In the Philippines, the quality of oncologic nursing care was shaped by various factors including the healthcare infrastructure, nurse education and training, socio-economic and cultural context, and other specific challenges faced by oncology nurses in a resource-limited setting. Oncology nursing care involved specialized knowledge and skills to provide comprehensive care to cancer patients, which included managing complex treatments, providing psychosocial support, and ensuring palliative care.

Specialized training in oncology nursing was crucial for providing high-quality care. According to Estrella, there was a need for enhanced oncology nursing programs in the Philippines to equip nurses with the necessary skills, knowledge, and competencies (Estrella, 2015). Continuous professional development was essential. Valencia emphasized that ongoing education and training helped nurses stayed updated on the latest practices and technologies and advancements in oncology care enabling them to provide individualized care that aligns with person-centered principles and improved patient outcomes (Valencia, 2019).

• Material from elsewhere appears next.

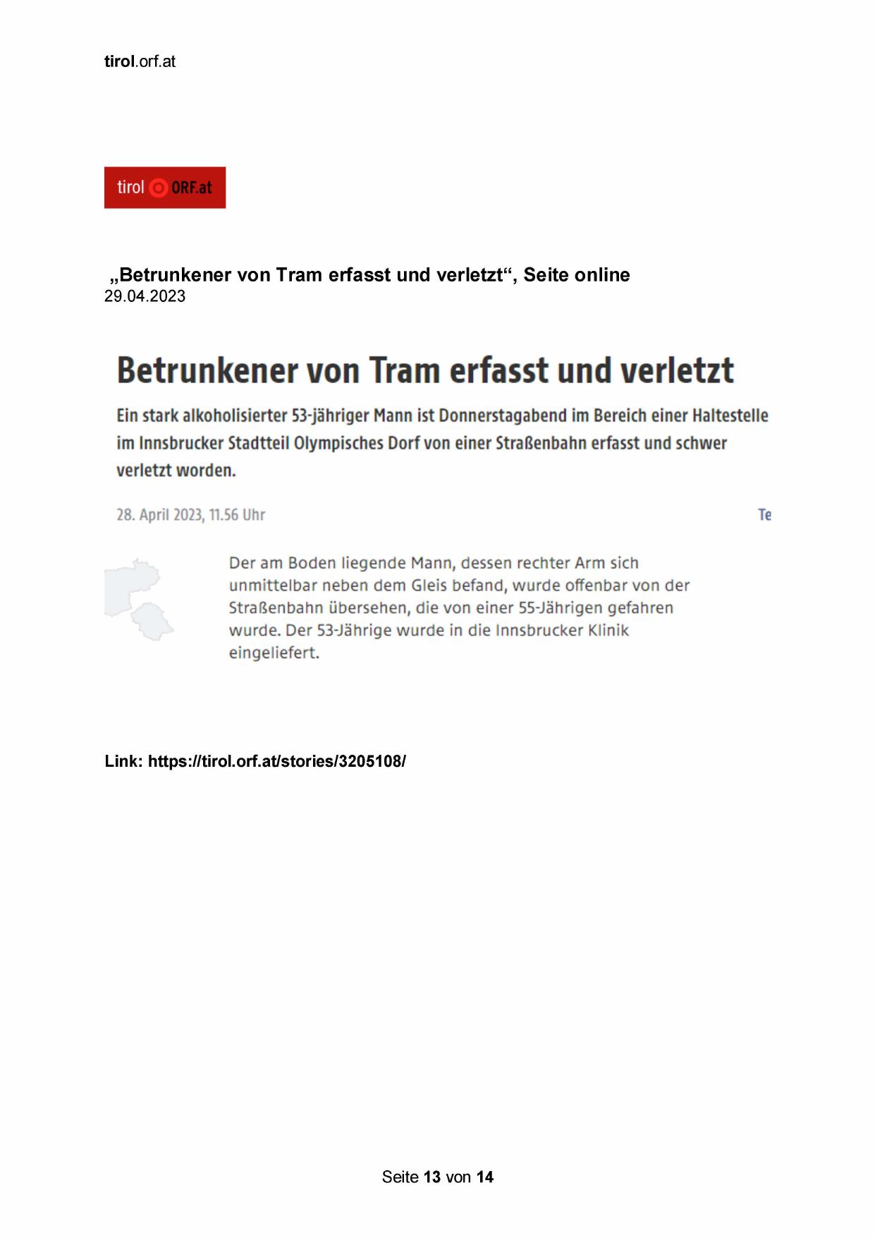 „Betrunkener von Tram erfasst und verletzt‘“, Seite online

The availability of resources significantly impacted the quality of oncologic nursing care. Santos found that many healthcare facilities in the Philippines faced shortages of supplies and equipment, which affected and hindered the ability to provide person-centered care delivery (Santos, 2017). The work environment, including nurse-to-patient ratios, also played a critical role. High workloads and insufficient staffing led to burnout and reduced quality of care (Garcia, 2014).

Providing comprehensive psychosocial support and palliative care was a key aspect in oncology nursing which aligned with person-centered care by addressing the holistic needs of cancer patients. Marquez discussed the importance of integrating palliative care training into oncology nursing education to ensure comprehensive care for cancer patients through offering emotional and psychological support, thereby enhancing patient dignity and quality of life (Marquez, 2018). Cultural sensitivity was also vital in oncology nursing to address the diverse beliefs and practices of Filipino patients. Tan highlighted that culturally competent care improved patient satisfaction and outcomes (Tan, 2020).

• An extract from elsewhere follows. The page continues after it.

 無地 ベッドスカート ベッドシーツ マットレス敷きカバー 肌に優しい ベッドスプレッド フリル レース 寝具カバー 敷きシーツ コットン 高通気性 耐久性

Quality of Nursing Care Scale (QONCS). A significant review of literature surrounding the Quality of Nursing Care Scale (QONCS) and its relevance to patients undergoing chemotherapy revealed its importance in assessing and enhancing the quality of nursing care in oncology settings.

One pivotal study introduced the QONCS as a reliable and valid instrument specifically designed to measure the quality of nursing care in oncology settings (Smith, 2018). The scale comprised several domains, including communication, patient safety, emotional support, and holistic care, which were essential components of high-quality nursing care for cancer patients.

Furthermore, a research underscored the significance of the QONCS in improving patient outcomes and experiences in chemotherapy settings. By evaluating the various dimensions of nursing care, such as symptom management, medication administration, and patient education, the QONCS allowed healthcare providers to identify areas for improvement and implement targeted interventions to enhance the quality of care delivery (Johnson, 2020).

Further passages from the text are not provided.